Pages

Tuesday, October 26, 2021

Tina Smith goes with the status quo. Is that anyone's surprise? Re: Policing reorganization and reform.

 Strib seems to favor printing anti-referendum stuff. Most recently, the chief, chief, what about the chief? Here. This atop the online page today, with Smith's equally prominently featured item from Oct. 19. Re: Editorial choice and slants, bless MSM.

First, Smith item start and finish:

U.S. Sen. Tina Smith said Tuesday she will vote no on the Minneapolis policing ballot measure dividing prominent Democrats more than a year after the police killing of George Floyd.

"After many conversations, I have concluded that Amendment #2 does not address the core public safety challenges we face, and may well move us in the wrong direction," Smith said in a statement.

If Minneapolis voters approve the measure in the city's Nov. 2 election, the city could replace the Minneapolis Police Department with a new public safety agency. Fellow Democratic U.S. Sen. Amy Klobuchar, who, like Smith, lives in Minneapolis, opposes the ballot question along with DFL Gov. Tim Walz. But Minnesota Attorney General Keith Ellison and U.S. Rep. Ilhan Omar, two Democrats who both live in the city, are openly backing the measure.

"With the murder of George Floyd, Minneapolis became the epicenter of a global reckoning around racial justice and police brutality," Smith said Tuesday.

[...]  While Smith said she didn't support defunding the police, she emphasized that policing needed to be reformed.

Smith's Tuesday announcement comes just two weeks before Election Day. Smith said she "wrestled" with her vote on the question.

"While there is much I agree with in the amendment, one component poses an insurmountable problem — the requirement that the new Department of Public Safety report to both the mayor and the City Council," Smith said.

She cited her own background in local government, working as chief of staff for then-Minneapolis Mayor R.T. Rybak. Smith said her City Hall experience "tells me that this change will exacerbate what is a deeply flawed city governance structure, where accountability, authority and lines of responsibility between the mayor and City Council are diffused and dysfunctional."

"I believe imposing this dysfunctional structure for public safety would likely have a negative effect on public safety and the operations of the police department," Smith said.

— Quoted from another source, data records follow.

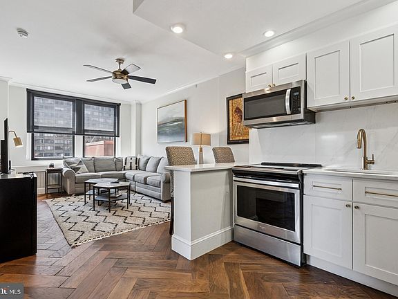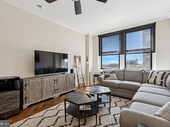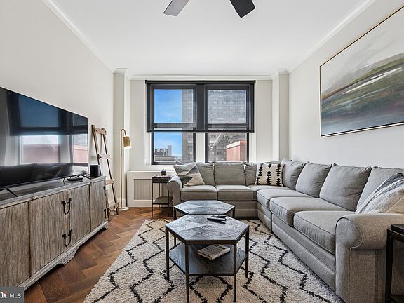 Rare opportunity to own a turnkey, luxury residence at the Arts Condominium in Center City with ALL UTILITIES INCLUDED in the monthly fee. This interior-designed 1BD CORNER UNIT was beautifully renovated in 2019 and features a contemporary white kitchen with quartz countertops, white shaker cabinetry, stainless steel appliances, and soft recessed lighting for an elegant, polished feel. No expense was spared in professionally leveling the concrete subfloor to install engineered French Oak herringbone flooring throughout, blending seamlessly with the white herringbone-tiled bath. The home is finished with rich crown molding, burnished brass hardware, custom window treatments, and sophisticated lighting fixtures, topped with panoramic southern views from every room. The Arts Condominium is a full-service building offering a 24hr concierge, fitness center, residents’ lounge, business center, laundry room and bike room. GARAGE PARKING is available directly across the street for an additional fee. Immerse yourself in the heart of Center City’s arts and cultural district, surrounded by top-rated restaurants, theaters, the Kimmel Center, and luxury high-rises, including Arthaus, the newest addition by renowned Philadelphia developer Carl Dranoff. Whether you're seeking a primary residence, a stylish pied-a-terre or a solid investment in the heart of the city, this turnkey luxury condo offers the perfect combination of comfort, convenience and location. Don't wait, call today!
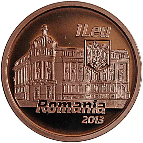 The building of the Bucharest University of Economic Studies; the face value `1 Leu`, Romania`s coat of arms; `Romania` and the year of issue `2013` |
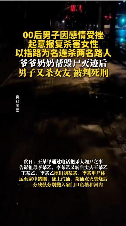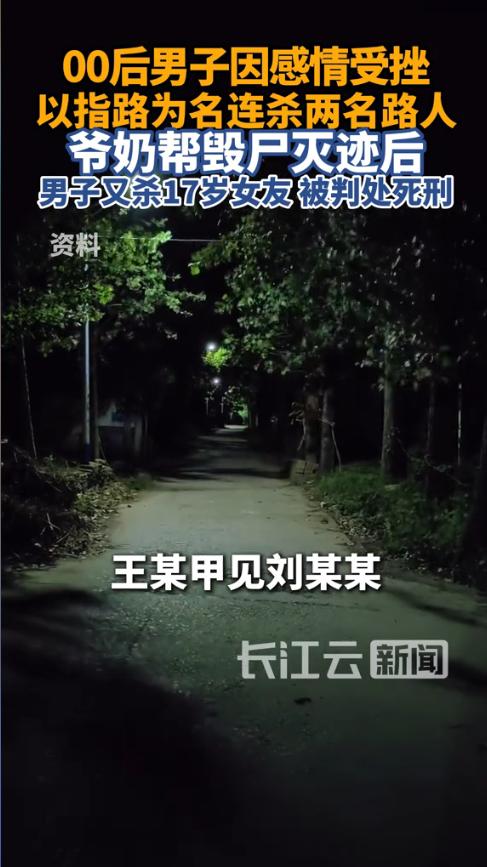“丧心病狂!”2020年5月,一00后男子因为感情受挫,竟以指路为由接连杀害两名路人,而爷爷奶奶知道后不仅没有报警,更是帮其毁尸灭迹,男子随后又残忍杀害了自己17岁的女友,最终被法院判处死刑,网友:杀人恶魔必须严惩! 情绪失控往往是暴力犯罪的导火索,但这并不能成为杀人的借口,这位男子不仅将个人情感挫折发泄在无辜路人身上,更在家人的包庇下变本加厉,最终酿成三条人命的惨剧。 男子因与女友感情出现矛盾,内心积怨已久。这天晚上,心情烦闷的他在路边行走时,见没什么人,竟心生歹念。看见前面有两位女生,于是便以问路为借口,诱骗两名路人前往偏僻处,将其残忍杀害。 事后,他将这件事告诉了爷爷奶奶,老两口听后不仅没有选择报警,反而将尸体挖出来,浇上汽油,点火焚尸,帮助他掩盖罪行。而后,男子并没有收敛,见有人替自己处理,更是变本加厉。 不久后,他和自己17岁的女友发生了口角,于是在第二天下午就将女友约到宾馆直接杀害。警方接到失踪报案后展开调查,通过现场痕迹和监控线索,最终锁定该男子为嫌疑人,并在其家中抓获了他和参与毁尸灭迹的爷爷奶奶。 网友表示,情绪失控不是犯罪的遮羞布,活生生的三条人命就没了!也提醒所有家长,不能溺爱和包庇孩子的错误,否则只会酿成更大的悲剧。 信息来源:《00后男子因感情受挫,起意报复杀害女性,以指路为名连杀两名路人,爷爷奶奶帮毁尸灭迹后,男子又杀女友,被判死刑》安徽商报

Readers are left to find on their own - was Smith's tenure with Rybak at the same time Klobuchar was County Attorney and never during years ever prosecuted police brutality? The status quo allows for too little public scrutiny and input into how police behave; while the union remains strong on defending good/bad/mediocre cops as its vision of duty to one another. Opinions can differ, but a multi-person  council seems more responsive to community voices than a boss mayor. Diffusing authority and responsibility might allow more scrutiny, the more the better, since internal affairs investigations never seem to find dischargeable conduct, finding excuses and silence as a best alternative. Put otherwise, how many cops has internal affairs fired, if you know? If you don't know, then the problem seems bigger than if there were sunshine on police officer discipline decision making.

Tight organization leads to maintenance of a comfortable status quo, for the insiders. Tina Smith liked having Rybak to answer to, rather than having to answer to each councilmember - which might have been good for Smith but less good for a community facing police weight on the neck, so to speak.

Smith, Frey, Klobuchar, and Walz each stamp law and order AND CONTINUITY over innovation with a less certain outcome than continuity, their friend.

Smith, appointed to the Senate by Mark Dayton, the man elected on the mantra, "Tax the Rich," which proved to be a slogan and not a keen intent. Same old, with Smith chief of staff.

NEXT - Here is how Strib, online this morning, featured its hail to the chief -

click image to enlarge and read

Freedom of the Press is great! Just ask Glen Taylor. He owns one. Loves it.

My trust is with the councilmembers, over Frey and a lifetime cop together saying the status quo is what's best for cops and community. The council is fresher, it will create reform of executive functions and organization, which will then be another bureau, but one with reformed and renewed public oversight; for the good of all, not solely for the good of the insiders wanting maximum leeway and minimum accountability.

Think Bob Kroll. Vote for reform. Think George Floyd; his neck and Chauvin's heavy badge.

________UPDATE______

https://readsludge.com posted a few years ago an item mentioning Tina Smith.

Manchin also gets mentioned in that item.

______FURTHER UPDATE_______

Sniff around OpenSecrets details about Tina Smith; e.g., starting here, where a number of variables can be altered; but this link shows a suggestion that Tina would come down as not rocking any big boats. Investments in Tina Smith suggest she would not embrace any change from a status quo favorable to those who invested their money in her. As a bet, those corporations having their people investing in her would not want policing as currently done monkeyed around with in any material way; and lo, what conclusion has she reached on policing reform?